Postanowiłem ogłosić wyprzedaż niektórych składników mojej garderoby, żeby zrobić trochę miejsca na kolejne nowe rzeczy, które ciągle się pojawiają w mojej szafie. Wystawiane marynarki i spodnie są używane, ale niektóre z nich miałem na sobie raptem kilka razy. Marynarki nie noszą praktycznie żadnych śladów użytkowania, natomiast chinosy były prane – niektóre wiele razy – co oczywiście daje się zauważyć. Jeśli jednak uznałem, że te ślady użytkowania są widoczne, to ustaliłem niską (żeby nie powiedzieć: symboliczną) cenę. Na zakupione rzeczy wystawiam faktury co praktycznie oznacza, że z zaproponowanej ceny 81,3% trafi do mojej kieszeni, a 18,7% zasili budżet państwa jako podatek VAT. Z kolei z tego co trafiło do mnie zapłacę podatek dochodowy 18%. Czyli płacąc za marynarkę 200 zł, płacicie mnie 133 zł i fiskusowi 67 zł 🙂 Do podanych cen trzeba doliczyć jeszcze koszt wysyłki (koszt kartonu plus koszt kuriera), który wynosi 20 zł.

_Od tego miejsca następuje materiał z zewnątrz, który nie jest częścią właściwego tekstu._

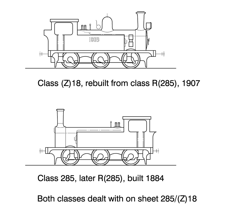 | (Z)25 | 2-6-0 | 1901 | Goods | Converted from 20 | Wooden & cutaway cabs | ||||||||
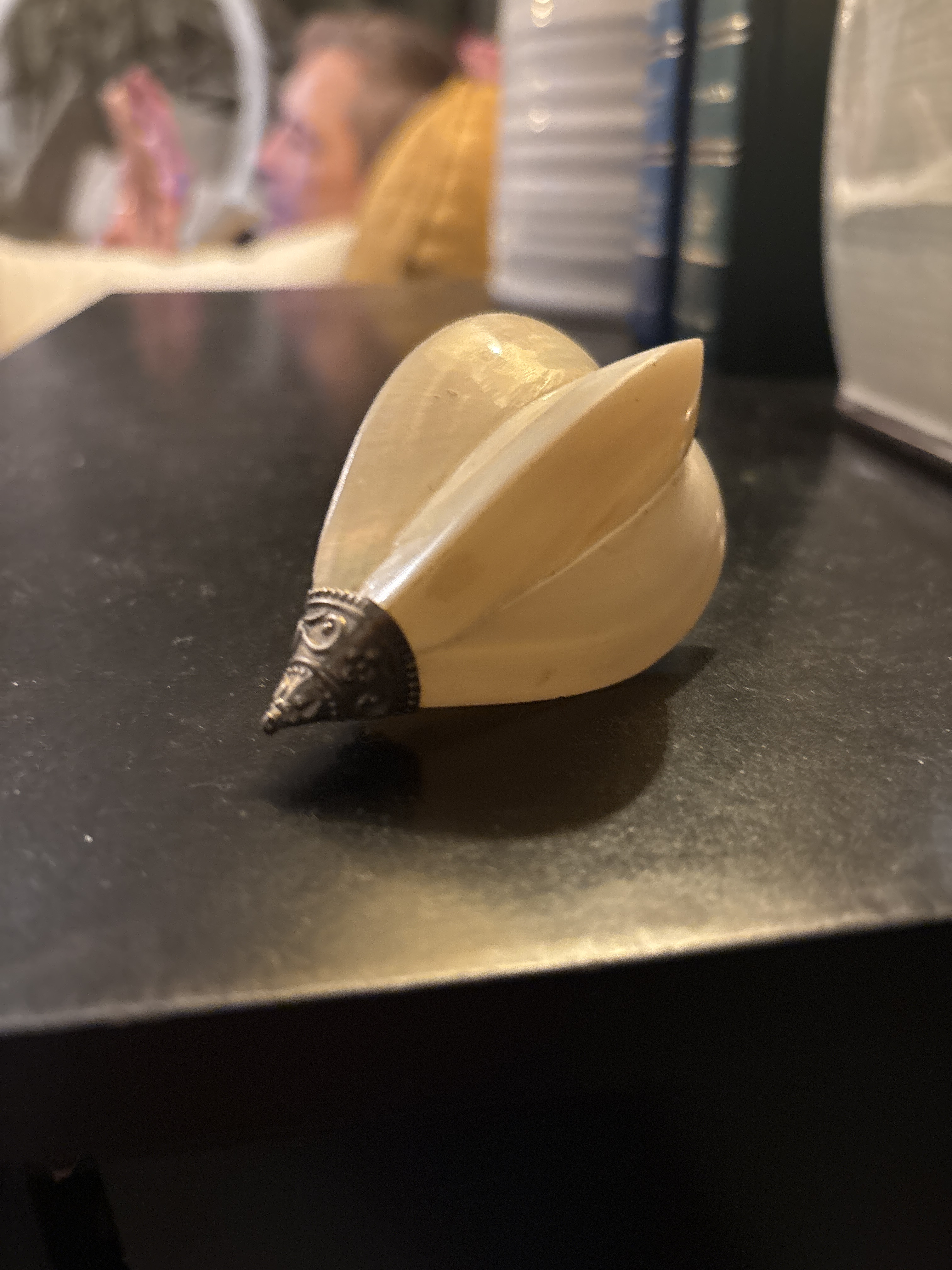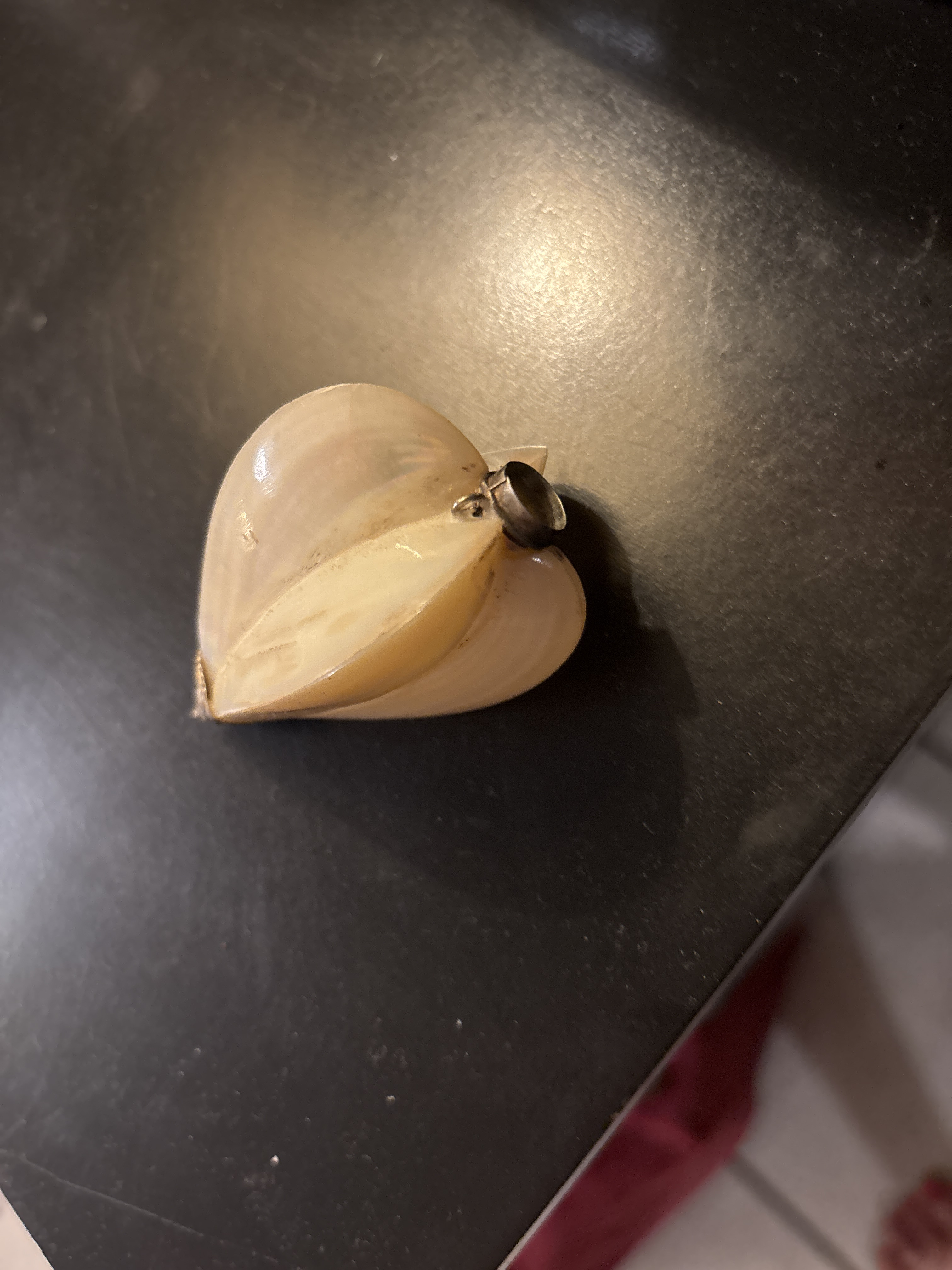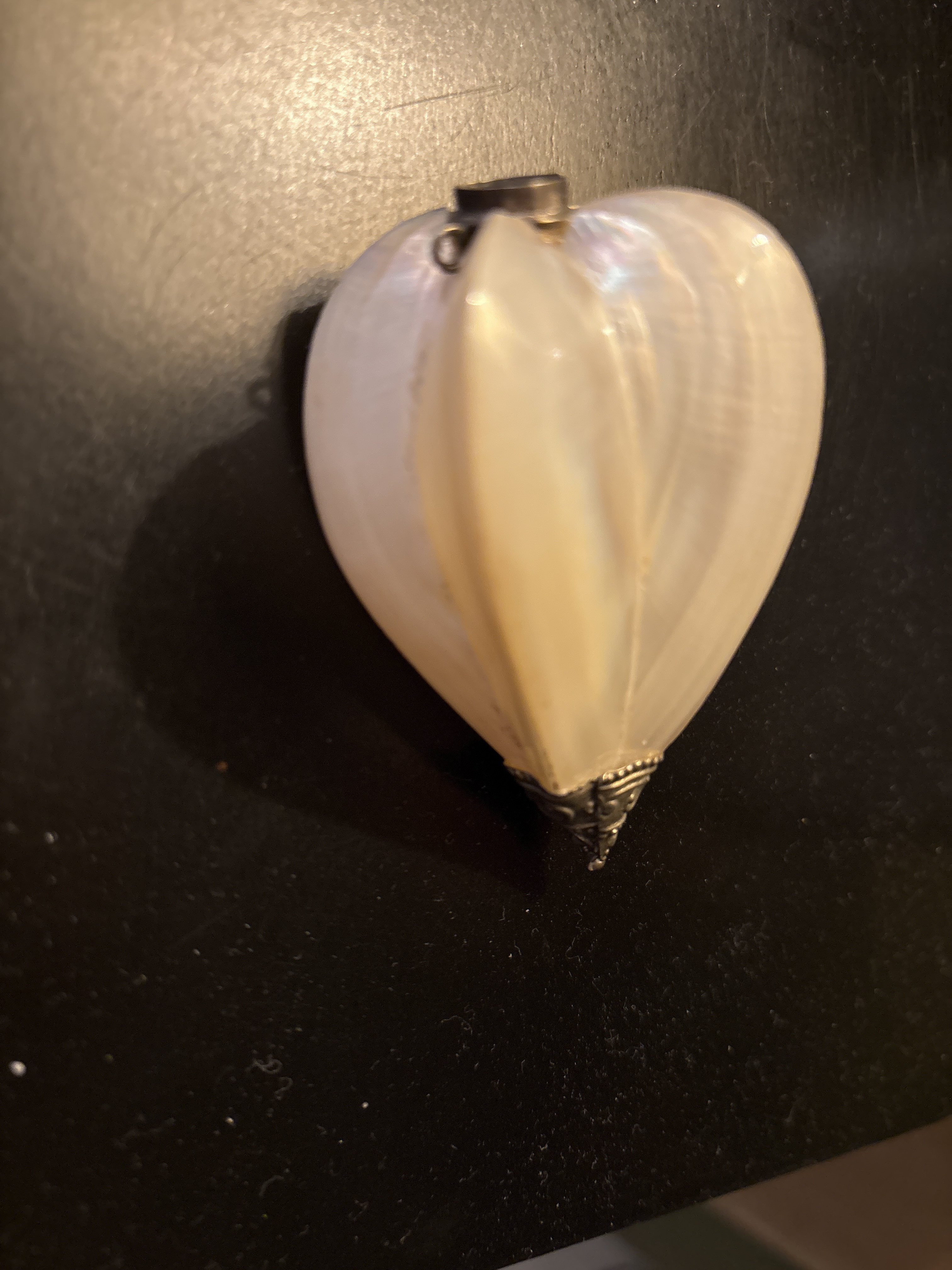 Physical Description: This unique vessel is crafted from shell, featuring a heart-like shape with a silver-toned metal cap at the top, suggesting it may have originally had a cork or similar closure. The approximate dimensions are 3 inches in length and 2 inches in width. The vessel's exterior showcases a smooth, glossy surface with natural color variations typical of shell materials.

Wszystkie sprzedawane rzeczy były kupione jako gotowe. Niektóre z nich były poddane korektom krawieckim; piszę o tym w opisach. Jedna z marynarek ma rękawy o różnej długości (różnica 0,5 cm), ponieważ – jak prawie każdy – mam ręce różnej długości. Moja lewa ręka jest krótsza od prawej o ok. 1 cm. Zatem jeśli ktoś ma układ odwrotny – lewą rękę dłuższą, a prawą krótszą – to akurat tej marynarki nie powinien kupować. Pozostałe marynarki mają oba rękawy takiej samej długości. Zamiast podawania rozmiarów marynarek, podaję moje wymiary – jeśli ktoś ma zbliżone, to jest duże prawdopodobieństwo, że marynarki i spodnie będą na nim dobrze leżały. Wzrost: 170 cm, obwód pasa: 90 cm, obwód klatki piersiowej: 100 cm, długość nóg (od kroku): 86 cm, szerokość ramion: 42 cm.
Czytelników zainteresowanych zakupem proszę o kontakt mailowy na adres: kontakt@janadamski.eu. Decydować będzie kolejność zgłoszeń. Jeśli jednak oferuję marynarkę z opcją dokupienia spodni, to czytelnik chcący nabyć obydwie rzeczy, będzie miał pierwszeństwo przed tym, który jest zainteresowany tylko marynarką. Nawet wtedy, gdy zgłoszenie chęci zakupu marynarki będzie wcześniejsze od zgłoszenia chęci zakupu pakietu.
Proponowane ceny (bez uwzględnienia kosztów wysyłki) są podane na zdjęciach.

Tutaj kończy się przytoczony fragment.